*** Begin section ***

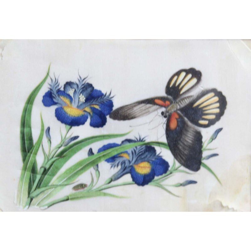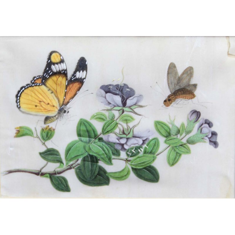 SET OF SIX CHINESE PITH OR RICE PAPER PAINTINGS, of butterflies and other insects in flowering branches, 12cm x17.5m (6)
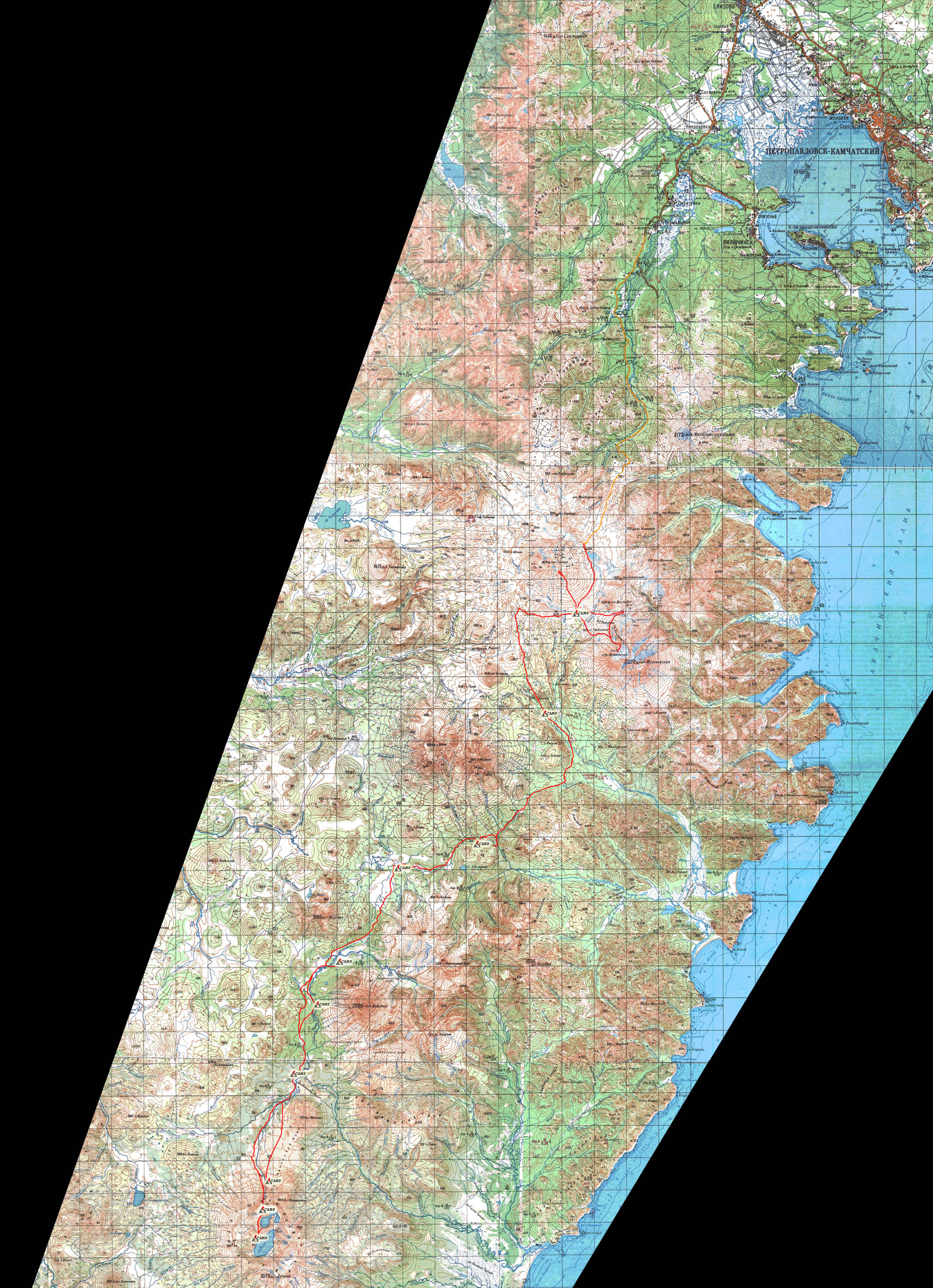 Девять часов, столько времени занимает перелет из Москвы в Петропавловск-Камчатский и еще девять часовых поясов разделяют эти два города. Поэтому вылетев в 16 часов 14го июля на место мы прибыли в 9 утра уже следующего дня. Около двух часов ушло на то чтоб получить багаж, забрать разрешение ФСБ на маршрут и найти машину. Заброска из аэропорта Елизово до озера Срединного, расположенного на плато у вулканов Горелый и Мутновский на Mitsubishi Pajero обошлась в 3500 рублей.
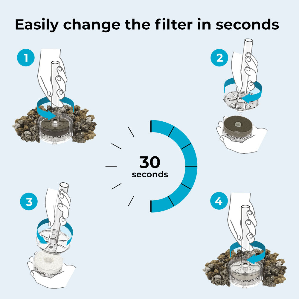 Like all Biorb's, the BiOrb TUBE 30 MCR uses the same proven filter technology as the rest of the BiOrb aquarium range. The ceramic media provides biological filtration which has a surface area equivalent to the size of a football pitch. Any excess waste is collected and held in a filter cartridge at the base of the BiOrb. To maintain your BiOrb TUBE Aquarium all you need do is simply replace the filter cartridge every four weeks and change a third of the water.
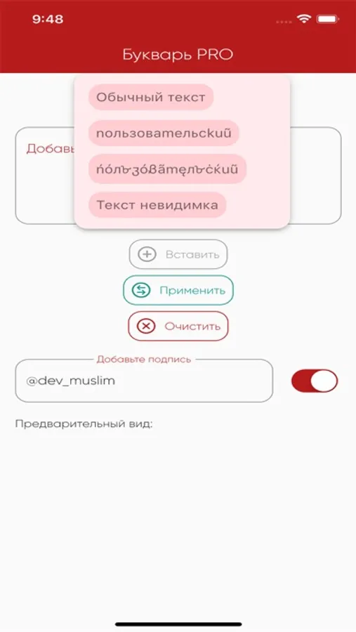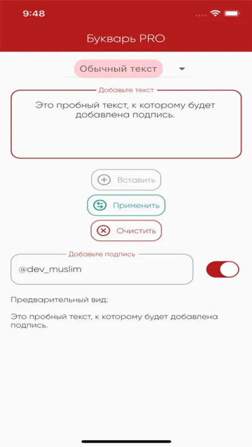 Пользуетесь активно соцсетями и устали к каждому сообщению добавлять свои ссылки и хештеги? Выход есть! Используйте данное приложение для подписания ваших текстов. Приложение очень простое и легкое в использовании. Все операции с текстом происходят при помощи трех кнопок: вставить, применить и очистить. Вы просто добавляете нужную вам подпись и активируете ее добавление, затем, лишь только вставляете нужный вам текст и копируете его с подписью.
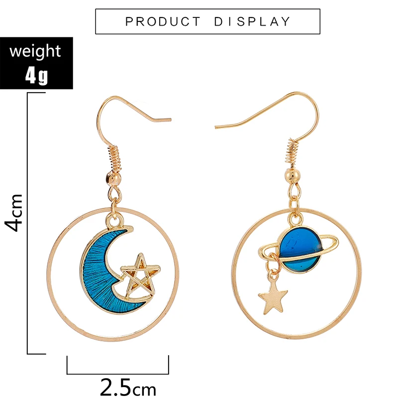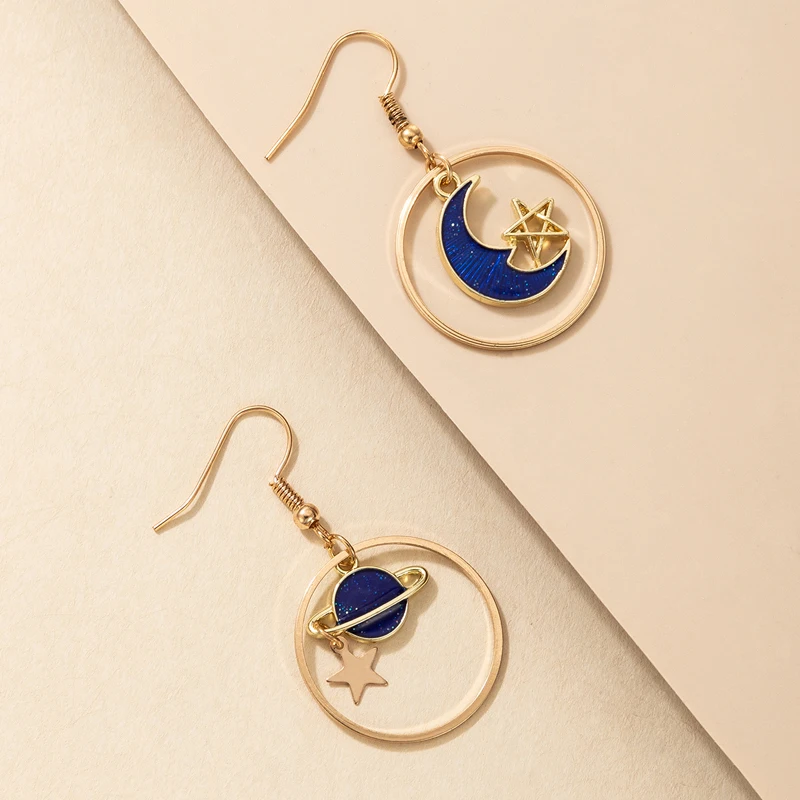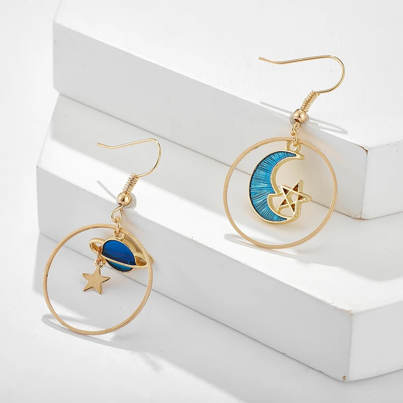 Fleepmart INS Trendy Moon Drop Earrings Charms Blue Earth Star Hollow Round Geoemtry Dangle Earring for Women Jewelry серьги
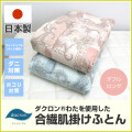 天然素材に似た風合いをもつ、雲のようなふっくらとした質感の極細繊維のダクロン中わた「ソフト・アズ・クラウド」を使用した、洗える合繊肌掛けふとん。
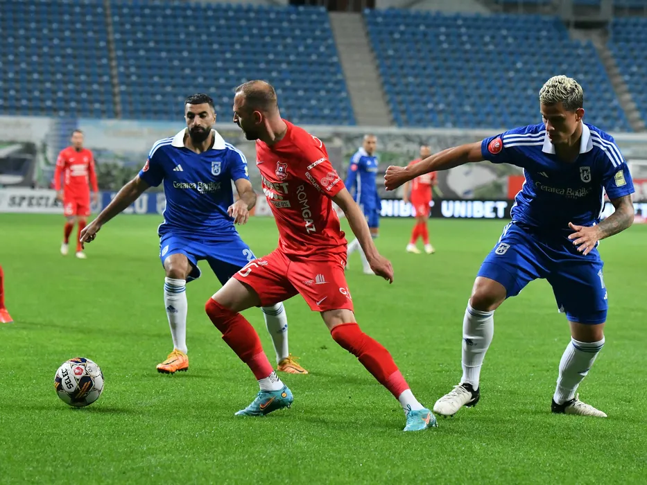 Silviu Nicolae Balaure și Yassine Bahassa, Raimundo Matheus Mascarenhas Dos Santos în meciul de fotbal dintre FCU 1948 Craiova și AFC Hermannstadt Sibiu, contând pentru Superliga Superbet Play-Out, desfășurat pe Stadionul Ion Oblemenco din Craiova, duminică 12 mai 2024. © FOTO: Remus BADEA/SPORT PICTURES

*** End section ***

* Exercise prompt *
Drop every picture from the data, then output all the rest exactly.

* Solution to the problem *
 SET OF SIX CHINESE PITH OR RICE PAPER PAINTINGS, of butterflies and other insects in flowering branches, 12cm x17.5m (6)
 Девять часов, столько времени занимает перелет из Москвы в Петропавловск-Камчатский и еще девять часовых поясов разделяют эти два города. Поэтому вылетев в 16 часов 14го июля на место мы прибыли в 9 утра уже следующего дня. Около двух часов ушло на то чтоб получить багаж, забрать разрешение ФСБ на маршрут и найти машину. Заброска из аэропорта Елизово до озера Срединного, расположенного на плато у вулканов Горелый и Мутновский на Mitsubishi Pajero обошлась в 3500 рублей.
 Like all Biorb's, the BiOrb TUBE 30 MCR uses the same proven filter technology as the rest of the BiOrb aquarium range. The ceramic media provides biological filtration which has a surface area equivalent to the size of a football pitch. Any excess waste is collected and held in a filter cartridge at the base of the BiOrb. To maintain your BiOrb TUBE Aquarium all you need do is simply replace the filter cartridge every four weeks and change a third of the water.
 Пользуетесь активно соцсетями и устали к каждому сообщению добавлять свои ссылки и хештеги? Выход есть! Используйте данное приложение для подписания ваших текстов. Приложение очень простое и легкое в использовании. Все операции с текстом происходят при помощи трех кнопок: вставить, применить и очистить. Вы просто добавляете нужную вам подпись и активируете ее добавление, затем, лишь только вставляете нужный вам текст и копируете его с подписью.
 Fleepmart INS Trendy Moon Drop Earrings Charms Blue Earth Star Hollow Round Geoemtry Dangle Earring for Women Jewelry серьги
 天然素材に似た風合いをもつ、雲のようなふっくらとした質感の極細繊維のダクロン中わた「ソフト・アズ・クラウド」を使用した、洗える合繊肌掛けふとん。
 Silviu Nicolae Balaure și Yassine Bahassa, Raimundo Matheus Mascarenhas Dos Santos în meciul de fotbal dintre FCU 1948 Craiova și AFC Hermannstadt Sibiu, contând pentru Superliga Superbet Play-Out, desfășurat pe Stadionul Ion Oblemenco din Craiova, duminică 12 mai 2024. © FOTO: Remus BADEA/SPORT PICTURES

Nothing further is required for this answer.